The relevance and probative value of the evidence seems equally clear regarding A.G. To be sure, A.G. was not Gonzalez's stepdaughter, nor did they reside under the same roof. However, Y.P.'s testimony corroborated the general prosecution theory that Gonzalez was attracted to prepubescent and pubescent females. As one of the commentators cited in Falsetta observed: "A person with a history of . . . child molestation stands on a different footing. His past conduct provides evidence that he has the combination of aggressive and sexual impulses that motivates the commission of such crimes, that he lacks effective inhibitions against acting on these impulses, and that the risks involved do not deter him. A charge of . . . child molestation has greater plausibility against a person with such a background." (Karp, Evidence of Propensity and Probability in Sex Offense Cases and Other Cases (1994) 70 Chi.-Kent L.Rev. 15, 20, italics added.)
The Karp article was cited in Falsetta for its positive reception of Federal Rules of Evidence 413 and 414, which are the federal equivalents of section 1108. (See Falsetta, supra, 21 Cal.4th at pp. 920-921.) --------
On the other side of the probative/prejudicial scale, the "prejudice" factor here was minimal. Prejudice is minimized where the prior offense is not as " inflammatory" as the charged offense. (See People v. Soto (1998) 64 Cal.App.4th 966, 991.) Y.P.'s testimony was much less inflammatory than that of either A.G. or C.D. Y.P.'s testimony involved no completed act of child molestation, only an attempted one.
Finally, the other factors bearing on section 352 analysis likewise show the reasonableness of the trial judge's decision. Y.P.'s testimony took very little time, did not degenerate into a mini-trial of its own, and posed very little danger of confusing any issue or misleading the jury. Whether Gonzalez had molested C.D. in her sleep was the issue, and Y.P.'s testimony corroborated C.D.'s on that very point.

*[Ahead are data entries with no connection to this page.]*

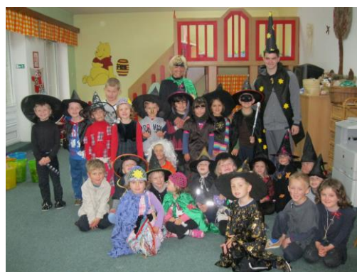
Obrázek 9: Slet čarodějnic
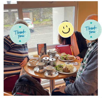
與本地教會兒童主日學校 校長夫婦交流
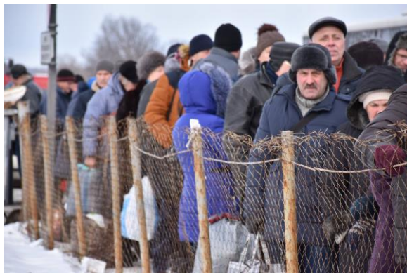
Люди в очереди на КПВВ «Марьинка», январь 2019 г.

Длинные очереди связаны преимущественно с ограниченной пропускной способностью КПВВ и соответствующих блокпостов, в том числе из-за небольшой численности персонала и нехватки технических средств для осуществления контрольно-пропускных процедур. По наблюдениям СММ, пять КПВВ и соответствующие блокпосты имеют разную пропускную способность. При этом по сравнению с неподконтрольными правительству блокпостами (за исключением Оленовки) на КПВВ больше кабинок/окон для проверки 36 . Миссия зафиксировала
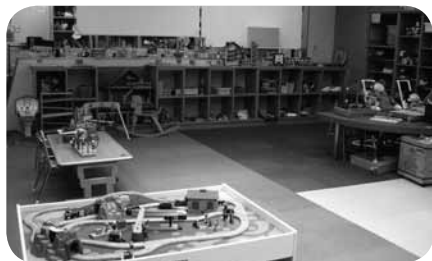
若いお母さんが先輩のお母さんに相談している風景もよく見かけます

オープン当初は木のおもちゃを集めていましたが、今は市販されているおもちゃが大半を占めています。それは経験を重ねていくなかで、気づいたことがあったため。例えば手しか動かせないといった障害のある子どもは、スイッチを押せば音が出るとか光るとか、そういったアクションがあるものを好んだりするのです。ボランティアを中心に、市販のおもちゃに手作りのスイッチをつけ足したりしてくれています。ちょっとした工夫で、子どもが楽しく遊べます。
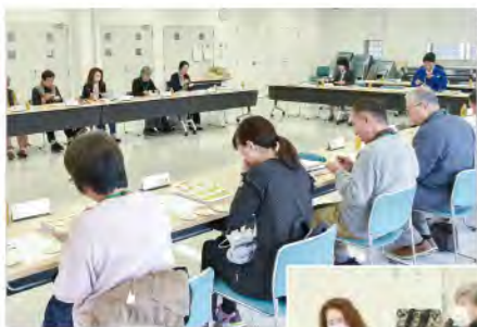
地元産米を食べ比べる

11月15日、准組合員の意見を伺いJA経営に生かすことを目的に第3回准組合員ミーティングを開催。15名が参加しました。今回は「JAのお米・魅力ある直売所について」と題し、担当職員が説明を行いました。 当JAでは地元産米(エコ米)の生産拡大に取り組みしており、令和7年度から「いずみの恵み」と名付け、浸透させていきたいと話し、参加者には地元産米の代表的な3品種を食べ比べていただきました。また、愛彩ランドは地元農家の出荷商品が全体の約83%を占めており、新鮮で安全・安心な農産物を消費者に提供していることなどを説明しました。
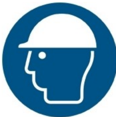
M014 - Indossare casco di protezione
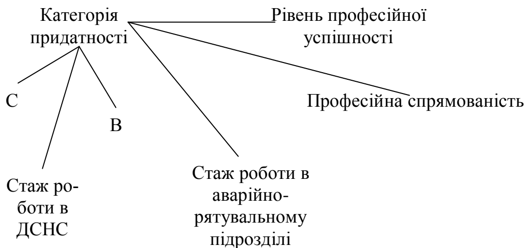
Рис. 1 – Кореляційна структура компонентів, що визначають категорію придатності фахівця аварійно-рятувального підрозділу до дій в екстремальній ситуації

характеризує рівень емоційної стійкості особистості. Також було виділено позитивний, помірний за силою, кореляційний зв'язок з фактором «В» ( r=0,35, p \leq 0,05 ), який свідчить про інтелектуальні особливості фахівця.
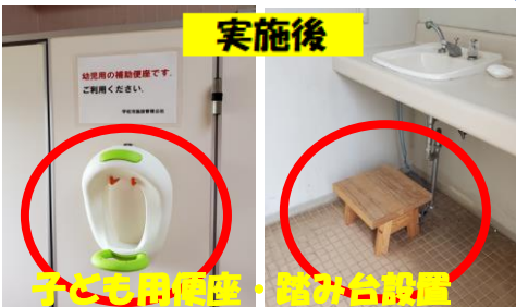
子ども用便座・踏み台設置

宇佐市総合グラウンド横(古代ふれあい広場)にあるトイレで「便座や手洗い場で園児が使いにくい」と保育園の先生から相談があり、市にお願いし設置しました。
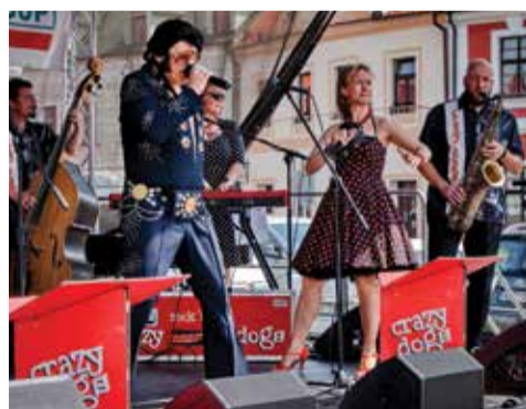
Kapela Crazy Dogs to roztáčela ve velkém stylu. Pomohl jí i král rock 'n rollu a nevkusu Elvis (snímek vlevo). Foto Jiří Hub

V závěru se Chilliman vrhnul na skupinu odvážných soutěžících. Vzduchem létaly tisíce, desetitisíce, statisíce a možná i milióny jednotek SHU. Na talířích se podávaly pochutiny krásné na pohled, ale vražedné po požití a odvážlivci chladili ústa mlékem. Foto Jiří Hub
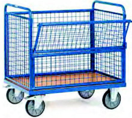
2772 | 2773 Drahtkastenwagen
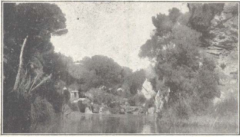
Torrente Cañamel.-- Capdepera

L'esglaidora bellesa el cor deixa desfallit, a davant tanta grandesa se sent l'homo tant petit !
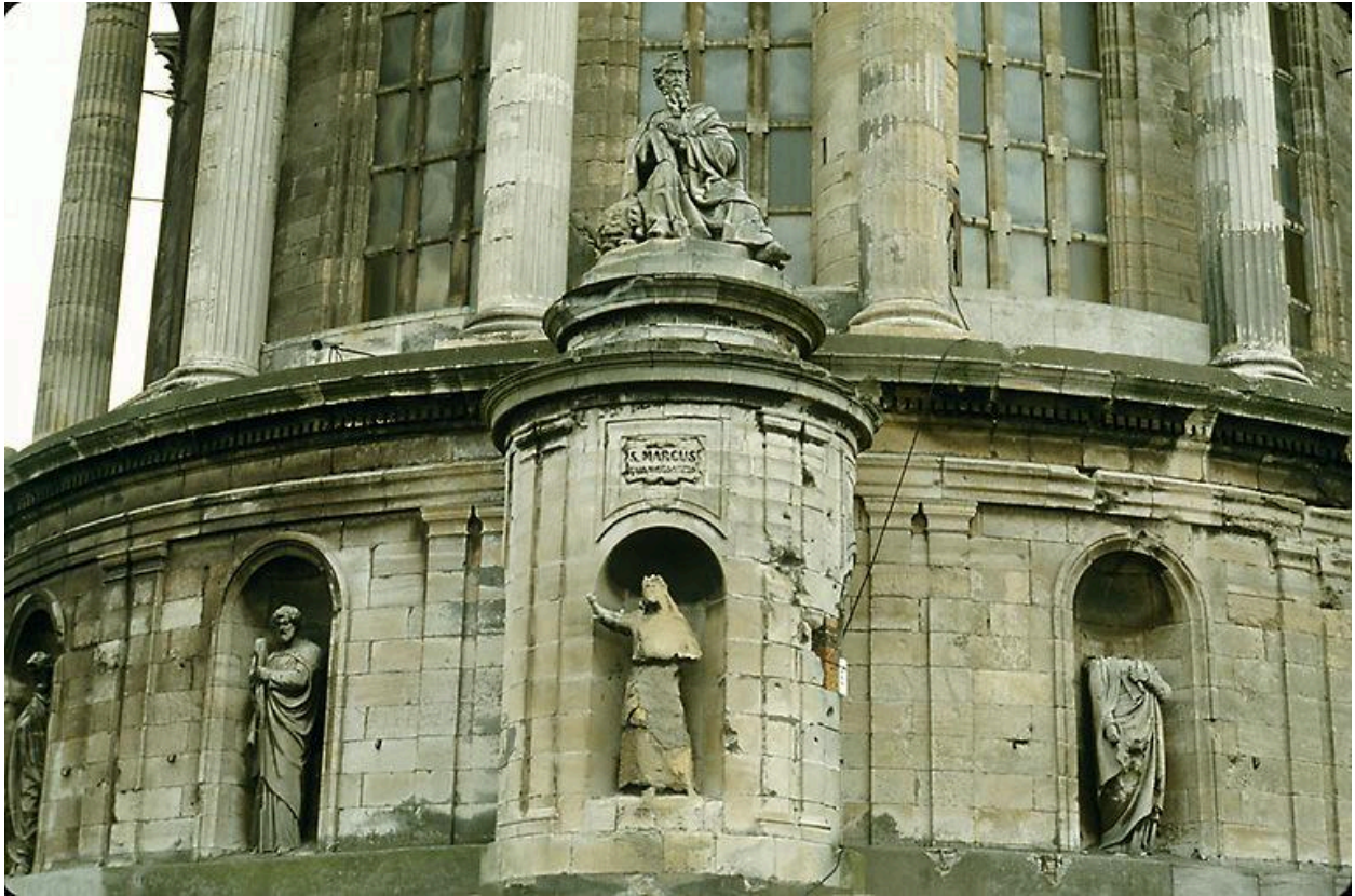
Vue d'ensemble angle nord-ouest, Saint Jean Baptiste, Saint Marc, apôtres.

People v. Jandres (2014) 226 Cal.App.4th 340, the main case relied on by Gonzalez, is not on point. Jandres involved a dissimilar offense - an attempted kidnapping. This case involves no dissimilar offenses. We note that all 10 counts on which Gonzalez was found guilty were for child molestation under Penal Code section 288, subdivision (a).
IV. DISPOSITION
The judgment is affirmed.
BEDSWORTH, ACTING P. J. WE CONCUR: MOORE, J. IKOLA, J.